Hemodialysis and Vaccination Research:

It is understood that the rate of vaccinated patients on hemodialysis is considerably lesser than the Healthy People 2020 (HP 2020) target (Glanz, Rimer & Vismanath, 2008). This study by Adams, Hall & Fulghum (2014) was aimed at utilizing the perceptions for action constructs of the Health Belief Model (HBM). The study aimed at measuring the attitudes of patients who are receiving outpatient hemodialysis regarding acceptance of seasonal influenza, pneumococcal, and hepatitis B virus vaccines. Vaccine acceptance is defined in the study as receiving the vaccine. The HBM has been utilized as framework in forecasting the uptake of vaccinations in specific populations. Nexoe, Kragstrup, & Fulghum (1999) used the HBM in combination with the Multidimensional Locus of Control Theory (MLCT) to study the decision on influenza vaccination among the elderly.

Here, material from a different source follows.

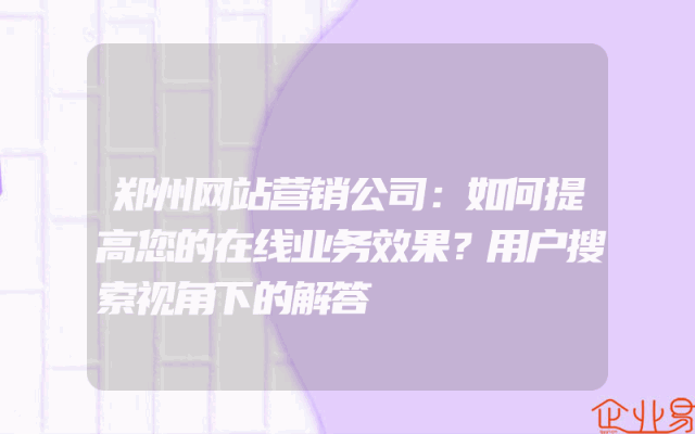 - 郑州网站营销公司:如何提高您的在线业务效果?用户搜索视角下的解答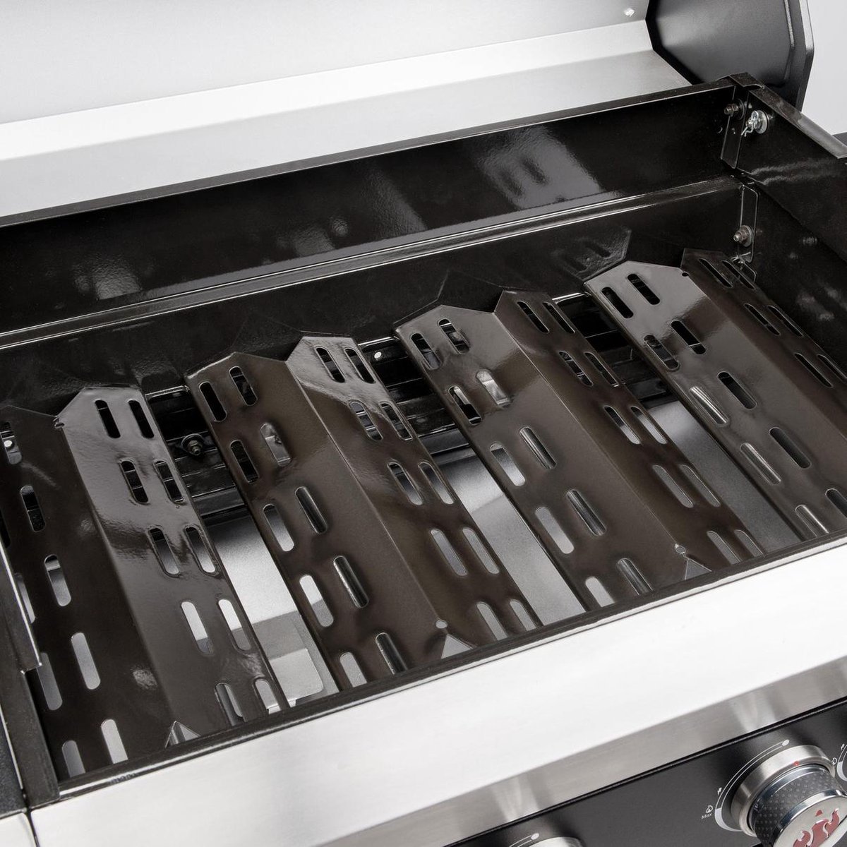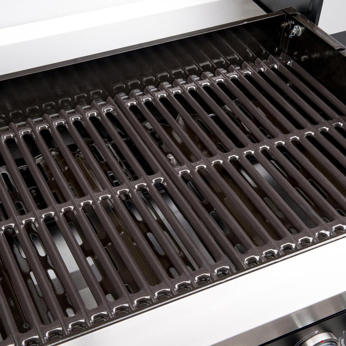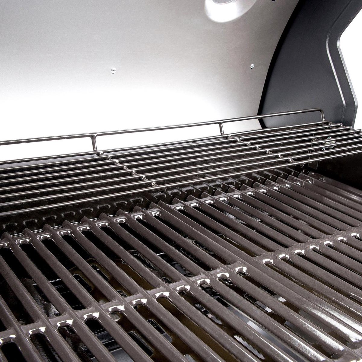 - Gegaldeerde onderdelen zoals grillroosters, branderafdekkingen en het warmhoudrooster garanderen een lange levensduur en eenvoudige reiniging. Het geemailleerde oppervlak voorkomt aanbakken en zorgt dat je grill snel schoon is.

The Multidimensional Locus of Control IPC Scale (IPC LOC Scale) is an instrument for assessing the locus of control on adults.  The conclusion of the study suggested the use of age, perceived susceptibility, and perceived severity, which increase the chances of getting some vaccines.

           Perceived susceptibility is one of the strongest in this study and more relevant concepts used in the study. This is because perceived susceptibility refers to an individual’s personal belief regarding their vulnerability to a state of disease. The vulnerability to receiving vaccinations was strong in this study. If the perceived risk is great, the likelihood of engaging in health-promoting behavior may increase. The second strongest used in the study is the perceived severity. Perceived severity of the disease is explained as an individual’s belief regarding the negative effect of contracting a disease, which would impact his or her overall existence. A combination of perceived susceptibility and perceived severity created a threat to an individual in this study. The research constructs of the study include perceived susceptibility to the disease, perceived severity of the disease, perceived benefits, perceived barriers to health-promoting behaviors, and self-efficacy (Daddario, 2007).

          The strength of HBM shows positive correlation in individual’s perceived susceptibility and severity to illness to the perceived probability of declining the threat of outpatient hemodialysis. The higher the individual’s perceived threat of illness, the higher the probability that the individual will take a specific health action to prevent the illness (Glanz, Rimer, Vismanath, 2008). The HBM asserts that planning successful interventions includes knowledge of the individual’s or group’s perceived susceptibility, severity, and consequences of the disease condition; perceived benefits and barriers of the preventive action; and cues to action. According to the Health Belief Model (HBM), changes in behavior are achieved via changes in knowledge and beliefs (Davidhizar, 1983). The behavioral conversion of individuals and animals has been the central objective of many theorists like the founder(s) of the Health Belief Model. Anything beyond such a conversation of individual behavior change is a limitation that needs further discussions. Limitations of the HBM concerning the study include size of the sample and the completed number of surveys. Additionally, members were all from the two states in the southern part of the United States. These influences could result in a specimen error representing that the outcomes are not illustrative of the whole population.

Adams, A., Hall, M., & Fulghum, J. (2014). Utilizing the health belief model to assess vaccine acceptance of patients on hemodialysis. Nephrology Nursing Journal, 41(4), 393-406; quiz 407. Retrieved from http://search.proquest.com/docview/1562515267?accountid=14872

Daddario, D. (2007). A review of the use of the health belief model for weight management. MEDSURG Nursing, 16(6), 363-366.

Davidhizar, R. (1983). Critique of the health-belief model. Journal of Advanced Nursing, 8(6), 467-472.

Glanz, K., Rimer, B.K. & Viswanath, K. (Eds.) (2008). Health behavior and health education: Theory, research, and practice. San Francisco: Jossey-Bass.

Nexoe, J., Kragstrup, J., & Sogaard, J. (1999). The decision on influenza vaccination among the elderly: A questionnaire study based on the Health Belief Model and the Multidimensional Locus of Control Theory. Scandinavian Journal of Primary Health Care, 17(2), 105-110.